Detecting a 0.005% regression means detecting that a 20s task now takes 20.001s.
It's not even easy to reliably detect such a small performance regression on a single thread on a single machine.
I suppose in theory having multiple machines could actually improve the situation, by letting them average out the noise? But on the other hand, it's not like you have identically distributed samples to work with - workloads have variance over time and space, so there's extra noise that isn't uniform across machines.
Color me a little skeptical, but it's super cool if actually true.
The .005% is a bit of a headline-grabber for sure, but the idea makes sense given the context: They're monitoring large, multi-tenant/multi-use-case systems which have very large amounts of diverse traffic. In these cases, the regression may be .005% of the overall size, but you don't detect it like that, but rather by detecting a 0.5% regression in a use case which was 1% of the cost. They can and do slice data in various ways (group by endpoint, group by function, etc.) to improve the odds of detecting a regression.
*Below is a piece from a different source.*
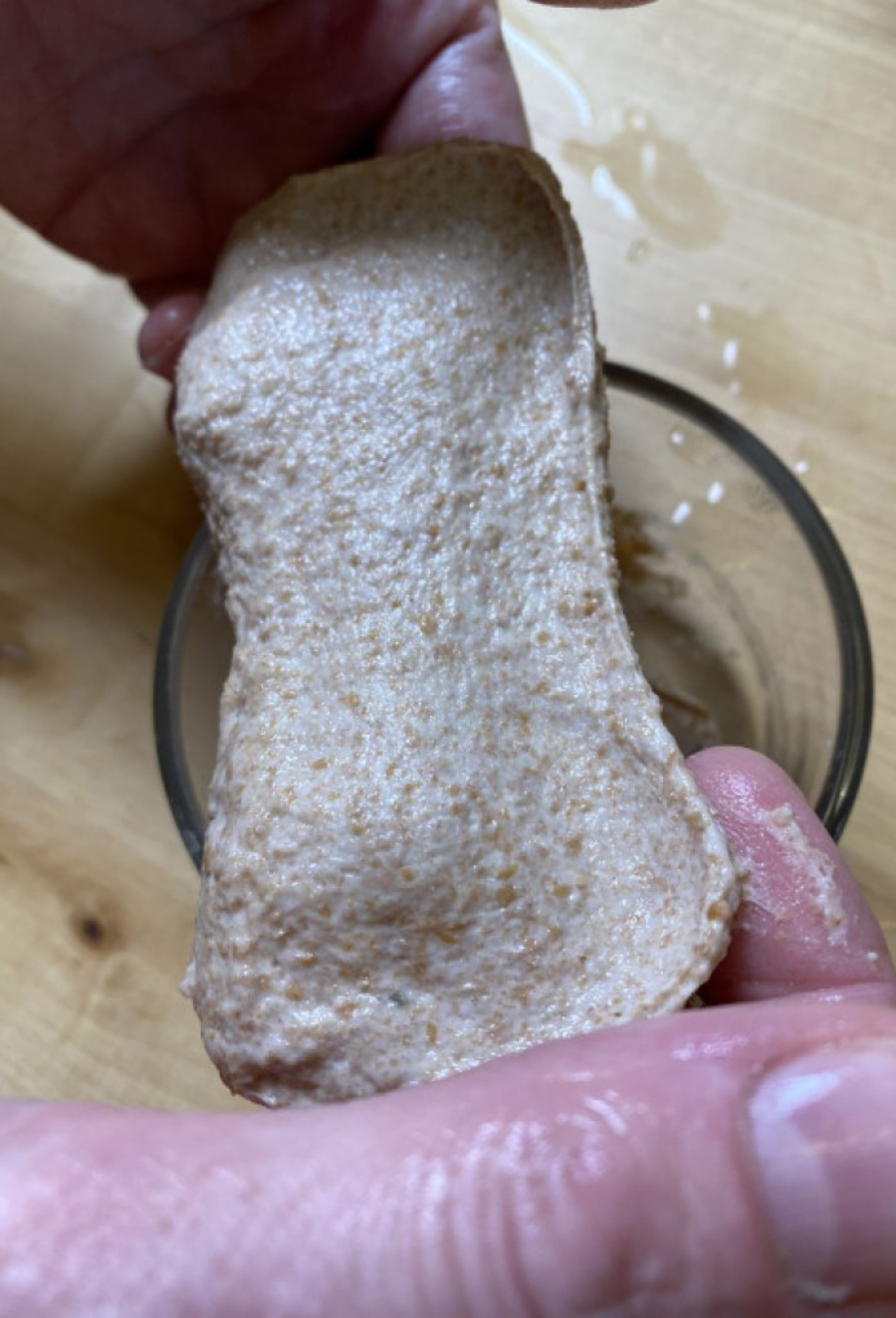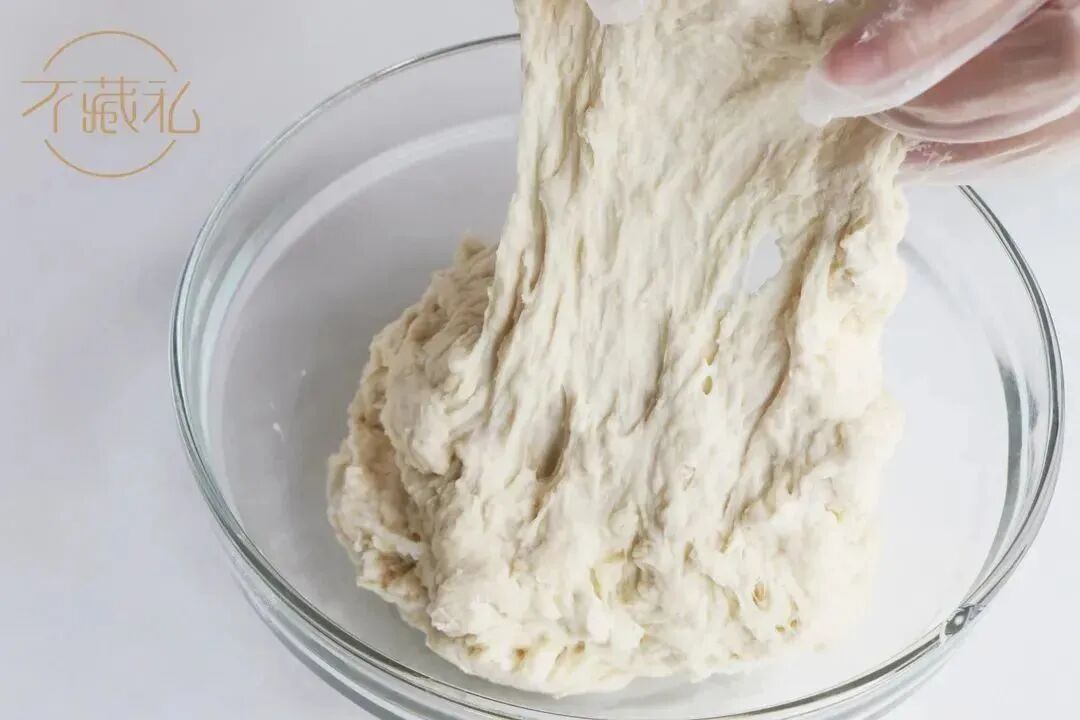 经过1.5小时冷藏水合的面团,大概有4成面筋
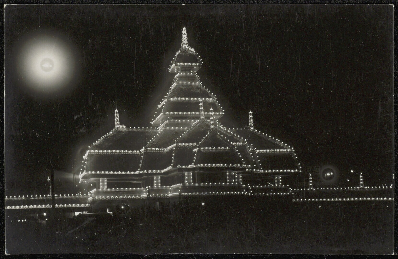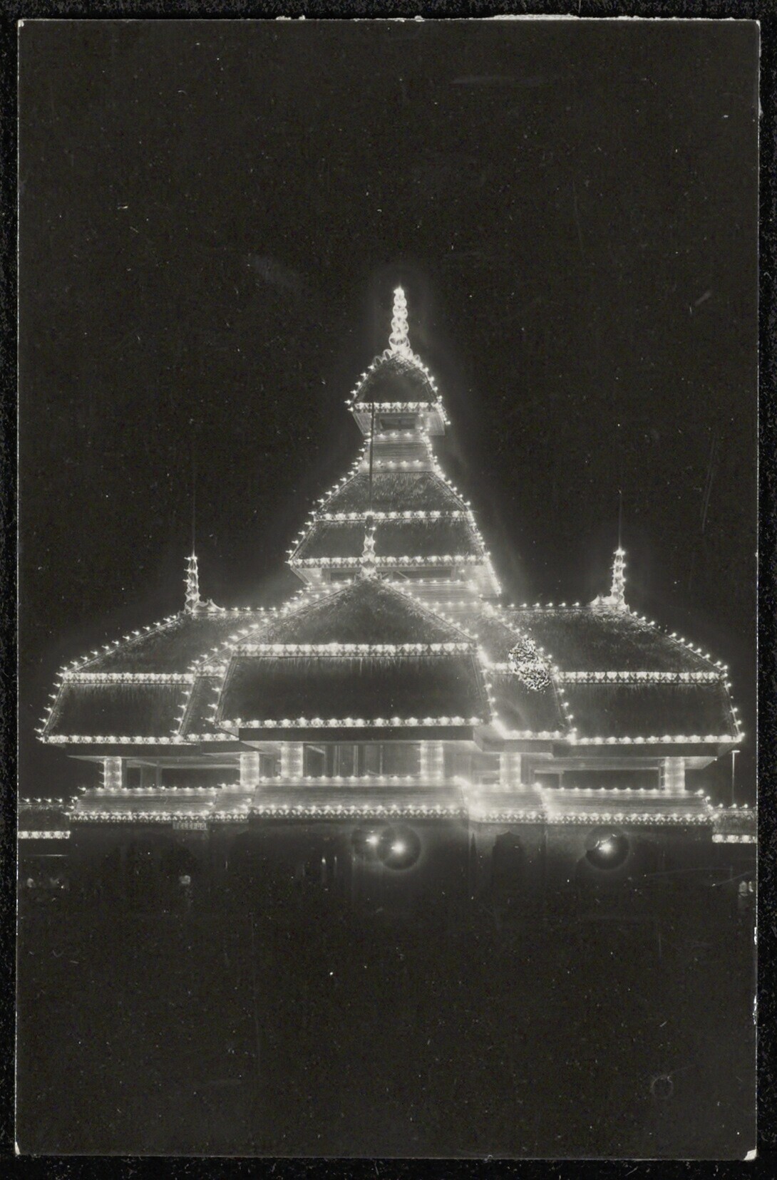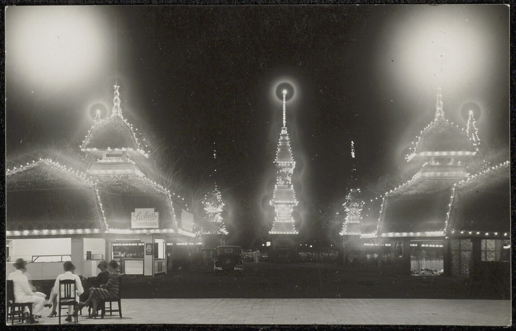 De 's avonds verlichte paviljoens op de Pasar Gambir...

You’re right to be skeptical. This entire space as far as I can tell is filled with people who overpromise and under deliver and use bad metrics to claim success. If you look at their false positive and false negative sections, they perform terribly but use words to claim that it’s actually good and use flawed logic to extrapolate on missing data (eg assume our rates stay the same for non-response vs “people are tired of our tickets and ignore our system”). And as follow up work their solution is to keep tuning their parameters (ie keep fiddling to overfit past data”). You can even tell how it’s perceived where they describe people not even bother to interact with their system during 2/4 high impact incidents examined and blaming the developer for one of them as “they didn’t integrate the metrics”. Like if a system can provide a meaningful cost/benefit the teams would be clamoring to adjust their processes. Until demonstrated clearly otherwise it’s dressed up numerology.
I saw a team at oculus fail to do this for highly constrained isolated environments with repeatable workloads and having the threshold be much more conservative (eg 1-10%) and failing. This paper is promulgating filtering your data all to hell to the point of overfitting.
Thanks, I hadn't read that. But I have to say I had what I feel is a good reason to be skeptical before even reading a single word in the paper, honestly. Which is that Facebook never felt so... blazing fast, shall we say, to make me believe anyone even wanted to pay attention to tiny performance regressions, let alone the drive and tooling to do so.